=== Data shown ===
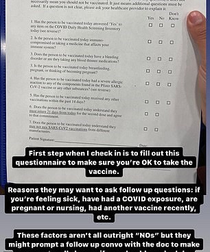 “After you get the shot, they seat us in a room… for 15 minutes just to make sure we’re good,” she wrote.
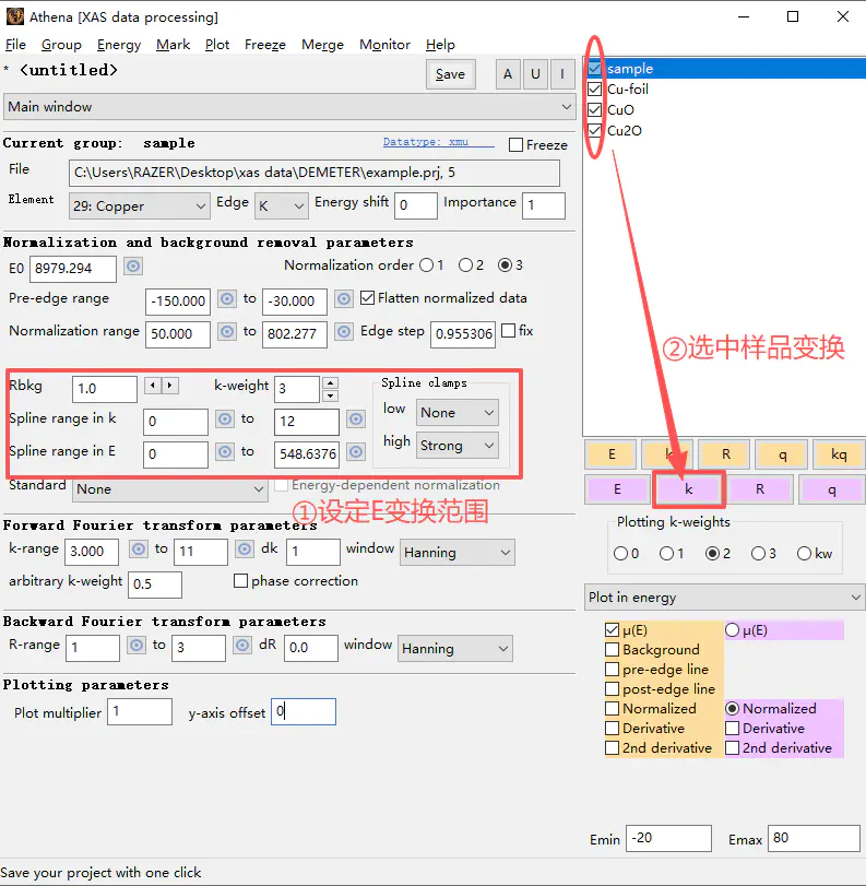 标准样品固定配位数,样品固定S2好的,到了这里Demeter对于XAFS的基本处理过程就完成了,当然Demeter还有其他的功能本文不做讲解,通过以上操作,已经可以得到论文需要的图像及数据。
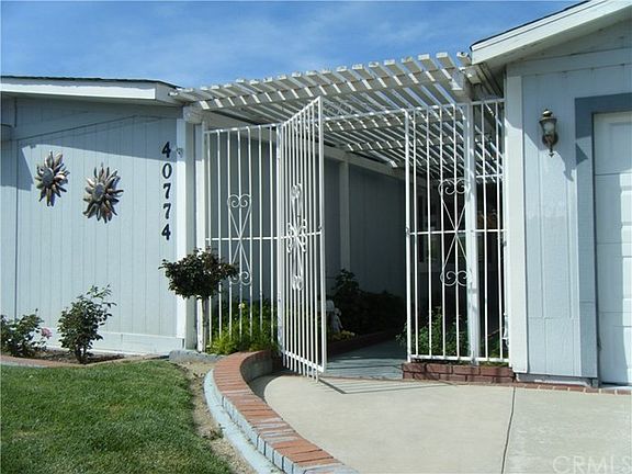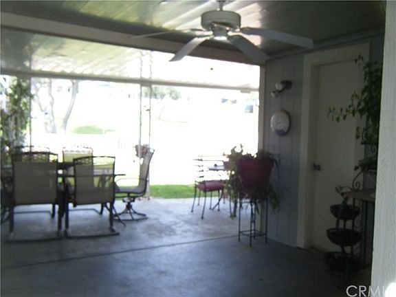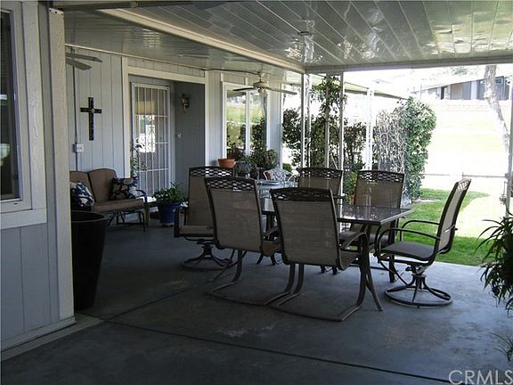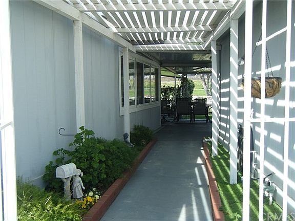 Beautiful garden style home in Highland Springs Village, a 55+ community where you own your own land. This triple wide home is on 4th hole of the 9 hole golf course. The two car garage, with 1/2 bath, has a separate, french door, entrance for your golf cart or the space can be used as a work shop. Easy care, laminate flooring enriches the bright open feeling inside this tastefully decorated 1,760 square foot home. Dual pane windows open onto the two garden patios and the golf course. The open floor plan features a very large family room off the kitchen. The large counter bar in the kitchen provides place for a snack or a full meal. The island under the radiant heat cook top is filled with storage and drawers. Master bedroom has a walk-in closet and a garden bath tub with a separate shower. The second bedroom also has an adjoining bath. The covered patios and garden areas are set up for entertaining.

=== Task prompt ===
Give exactly those lines of the listing that run from its first line through the line with "标准样品固定配位数,样品固定", leaving each picture out.

=== Exercise response ===
 “After you get the shot, they seat us in a room… for 15 minutes just to make sure we’re good,” she wrote.
 标准样品固定配位数,样品固定S2好的,到了这里Demeter对于XAFS的基本处理过程就完成了,当然Demeter还有其他的功能本文不做讲解,通过以上操作,已经可以得到论文需要的图像及数据。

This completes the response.